▶ [GIVEN DATA]:
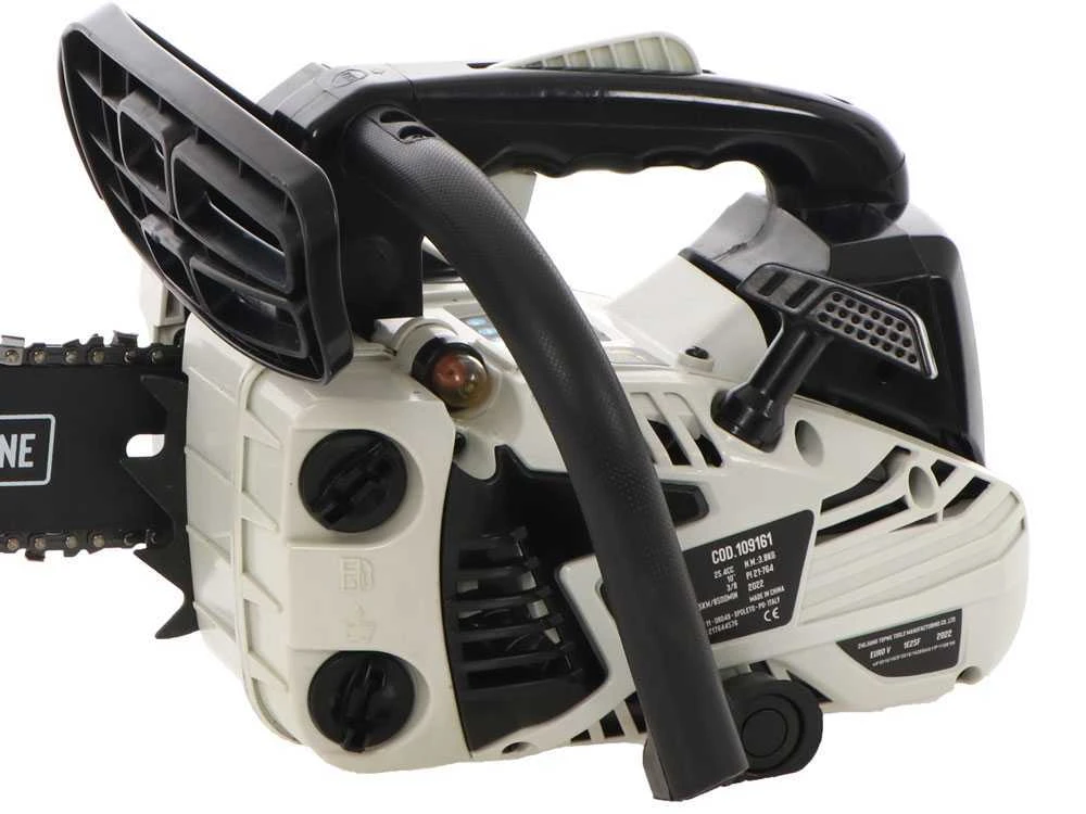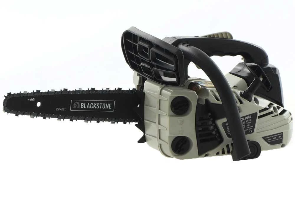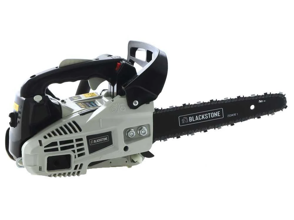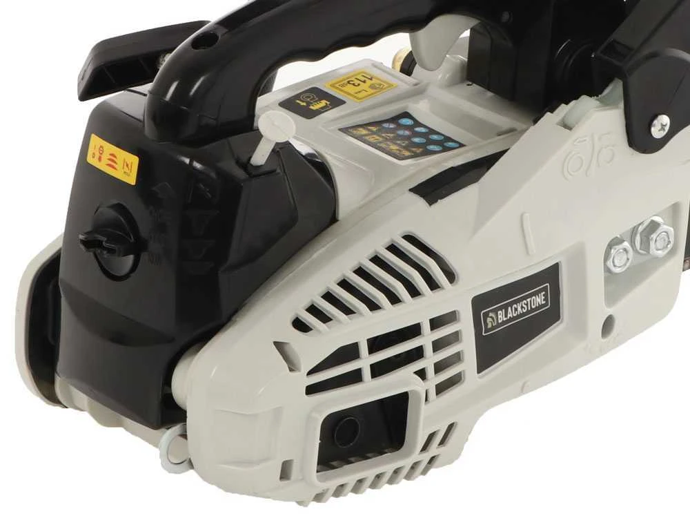 La tronçonneuse est livrée avec une barre carving BlackStone et une chaîne de 25 cm de longueur facile à monter couvre-chaîne fourni.
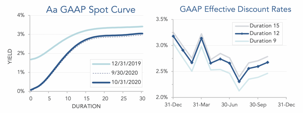 Pension liabilities (for funding, accounting, and de-risking purposes) are driven by market interest rates. The first graph below compares our Aa GAAP spot yield curve at December 31, 2019 and October 31, 2020, and it also shows the (tiny) increase in the curve last month. The second graph below shows our estimate of movements in effective GAAP discount rates for pension obligations of various duration during 2020:
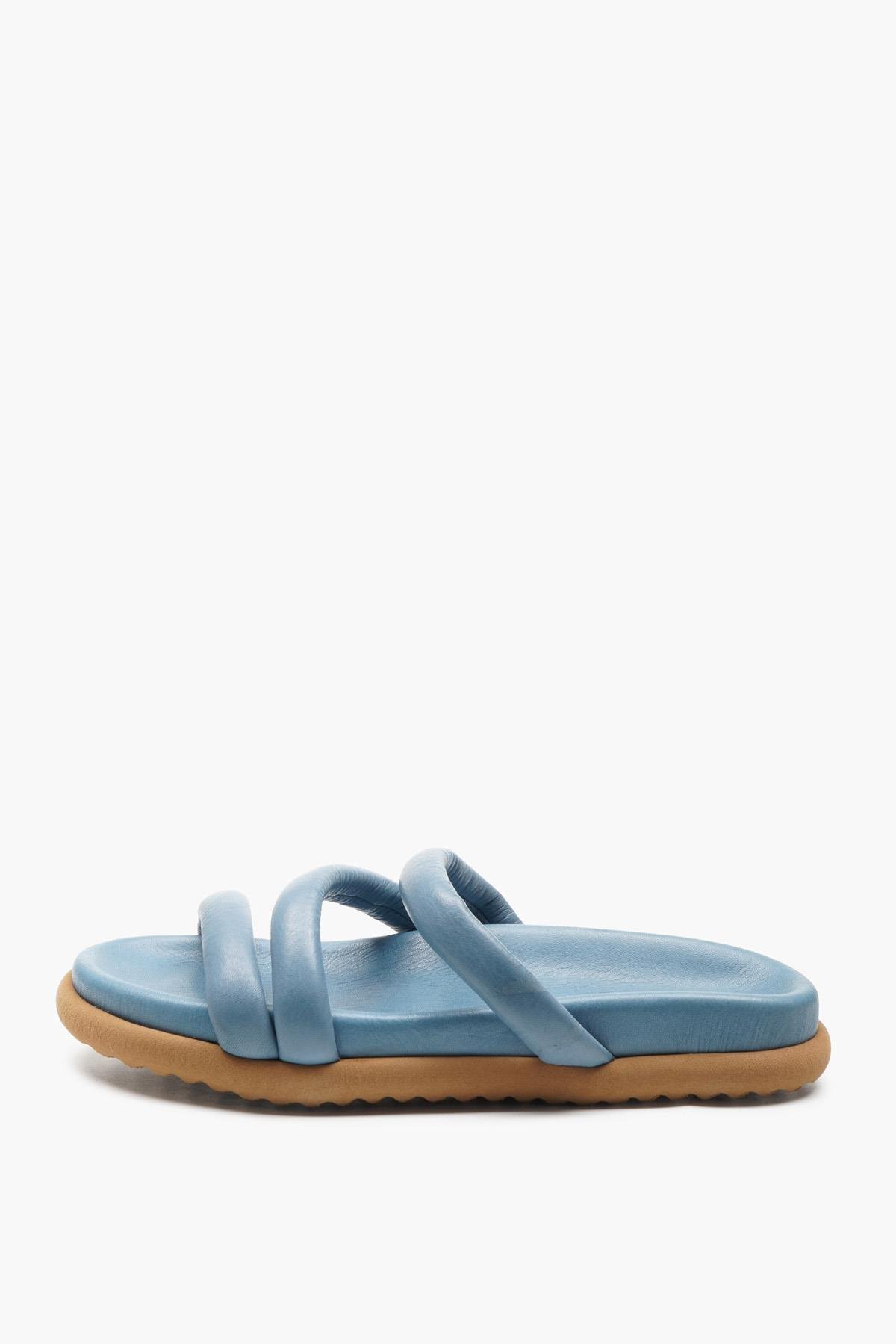 Majensia 141745 Çapraz Bantlı Günlük Terlik Hakiki Deri Kot Mavi

▶ [WORK ORDER]: What you need to copy is the run of lines from the one holding "Pension liabilities (for" through the end of the data, exactly and only, both ends included, pictures omitted.

▶ [COMPLETED TASK]:
 Pension liabilities (for funding, accounting, and de-risking purposes) are driven by market interest rates. The first graph below compares our Aa GAAP spot yield curve at December 31, 2019 and October 31, 2020, and it also shows the (tiny) increase in the curve last month. The second graph below shows our estimate of movements in effective GAAP discount rates for pension obligations of various duration during 2020:
 Majensia 141745 Çapraz Bantlı Günlük Terlik Hakiki Deri Kot Mavi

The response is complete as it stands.